Darüber hinaus ist bei einigen Herstellern üblich

  • Schnittstellen zur Diagnosewerkzeugen
  • Anzeige historischer Verläufe
  • Verknüpfungen zu Serviceportalen, Servicetechnikern
  • Verknüpfungen mit der Wettervorhersage
  • und vieles mehr.

Das einfache „ich will es mal warm haben“ kann damit aber auch so manchen Nutzer überfordern, wie eine Mikrowelle mit 36 Programmen und 120 Seiten Bedienungsanleitung.

Zukünftig sollen Verbrauchsspitzen den Nutzern signalisieren, ob eine aktuelle Verbrauchsspitze vorliegt. Im Gespräch sind auch Standardisierungen für die Zukunft, die Nutzerverhalten wie offene Türen und Fenster gleich miterfassen und „logisch“ eingreifen.
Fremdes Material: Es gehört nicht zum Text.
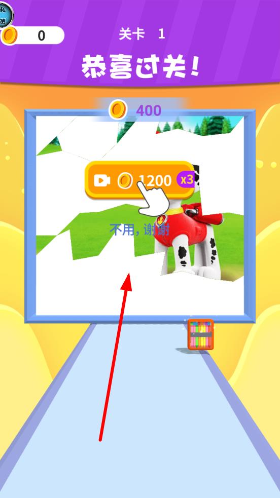 3、將所有的彩筆都使用繪制后,屏幕彈出通關獎勵,可選擇領取基礎金幣或觀看廣告獲取三倍收益,點擊下一關,解鎖更復雜的跑道機關。

Um auf der einen Seite möglichst effizienten Komfort zu haben und auf der anderen Seite nicht in der Wirren der Technik stecken zu bleiben, empfiehlt sich hier der Weg zum Fachmann. Der Heizungsmeister oder der Fachingenieur für Versorgungstechnik können hier unabhängig beraten. Und wer es geschickt verpackt, kann Beratung und Modernisierung sich fördern lassen.